Wikipedia: cheap & exmplosive scaling with LAMP

  1. They’re now doing 3,500 page views per second and serving that off of about 100 servers.
  2. Wikipedia is LAMP (Linux, Apache, MySQL and PHP).
  3. They use 90% of memory in InnoDB buffer pool.
  4. This is laughable, their operational guideline is “general availability” as opposed to five nines. Their main operational goals are maximum efficiency and always be able to scale as people are always coming in. These are a direct result of them being a donation powered open source community site.
  5. They use aggregated tables for reports, which doubled overall performance. They also killed some metadata included on every page because it was too expensive to generate.

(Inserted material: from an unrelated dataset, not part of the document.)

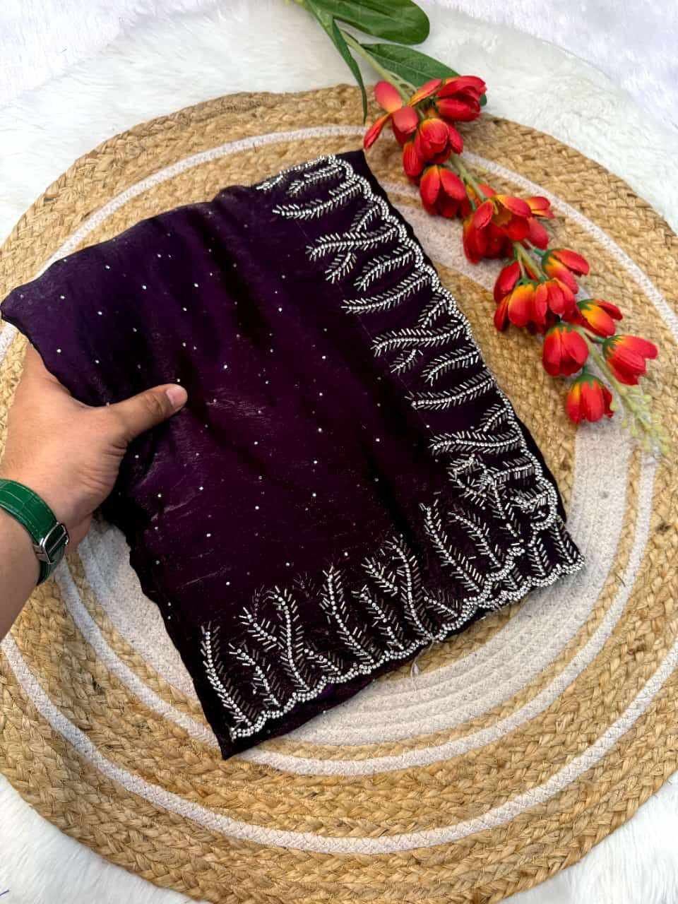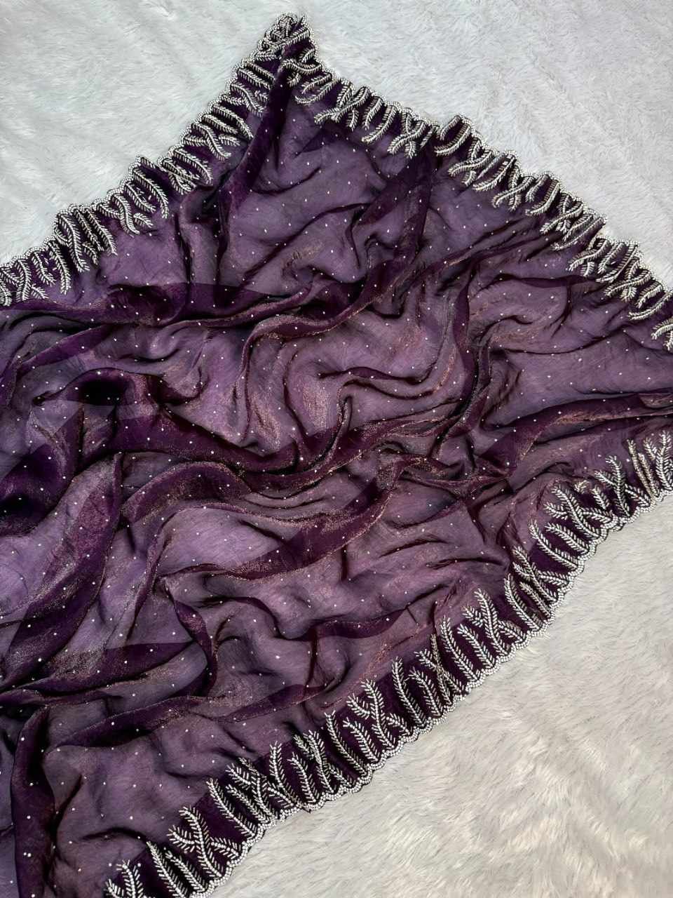 RC Purple Fandy satin silk Saree

Overall, not very interesting. They don’t really tell how they’re scaling to that many requests with only 100 servers. I’ve found most of the short sessions missing any kind of meat as to exactly how these guys are scaling MySQL. The feeling I get is that most of them are doing exactly what I’ve been doing, which makes me rethink MySQL’s place in the “high performance” column of databases.

Speeding-up Queries: New Features of the MySQL 5.0 Query Engine (Part 1)

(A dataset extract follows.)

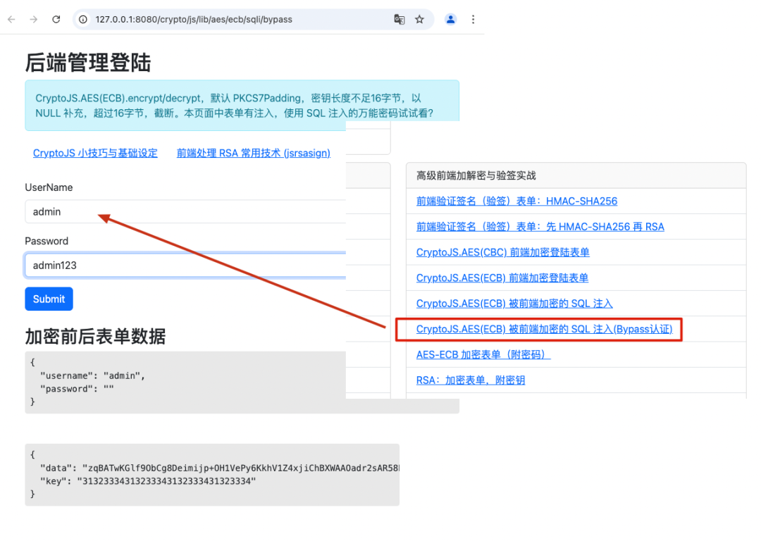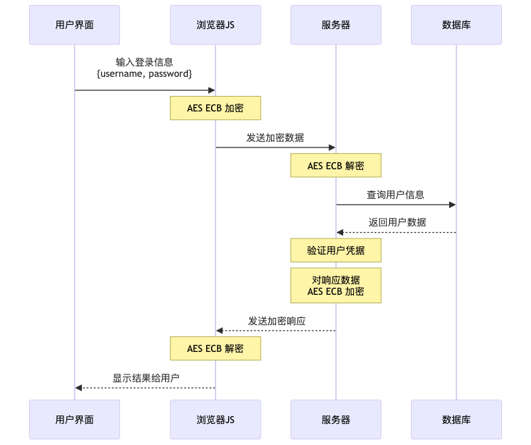 我们考虑以下登陆场景,在这个场景中,用户界面和服务器之间通信使用浏览器 JS 加密,前后都用 AES ECB 加密。

  1. Cost-based query optimization allows you to assign costs to operations and assign costs to partial plans, which allows them to find better search plans with lower costs.
  2. Possible because query plans are simple, they have data statistics and they have meta-data.
  3. Cost of an operation is proportional to disk accesses. A cost unit equals a random read of data page (4Kb).
  4. Variable length fields (BLOB, VARCHAR, etc.) require extra guess work and adds to the cost of that operation. I would assume this means variable length fields would be a bad idea when used in an index.
  5. MySQL does internal optimization on your queries to decide how it should do searches and joins based on the cost of each way to execute the query. Each choice is called a “plan” and each plan has a cost (see above).
  6. The problem with this approach is that the more joins you add the more plans (options) are added to the mix for optimization, which means that as you add joins the more time the “optimizer” takes to optimize your query. Evidently, this limit is somewhere around 5-7 joins in a single table.
  7. With 5.0 they’ve introduced a “Greedy search” that lets you suggest the plan, which is a trade off as the optimizer is skipped (at least this is how it sounds from his explanation).
  8. Users can influence the choice of indexes with the USE INDEX, FORCE INDEX and IGNORE INDEX sytnax. These should be used with extreme care as indexes can be added and dropped.
  9. You can also check out optimizer_search_depth whith tells the optimizer how much effort to put into looking for the best search plan. The default is automatic.
  10. Another option is optermizer_prune_level.
  11. The third way to force optimization on joins is to use the STRAIGHT_JOIN syntax to force join order.
  12. The range optimizer can detect ranges that can be merged, such as SELECT * FROM tb1 WHERE foo < 10 OR foo < 20. In doing so it finds the minimal sequence of smallest possible disjoint intervals.

MySQL Performance: 5.0 vs 4.1

  1. If your applications use features which were well optimized in 4.1 you might see performance degredation (wtf?).
  2. As of now 4.1 will only get critical bug fixes.
  3. Amazingly it appears that 5.0 is slightly slower than 4.1. Why this is I don’t know.

I’m leaving this one to go to the dispearsed storage engine tutorial as I’m bored to death with this. Nothing interesting.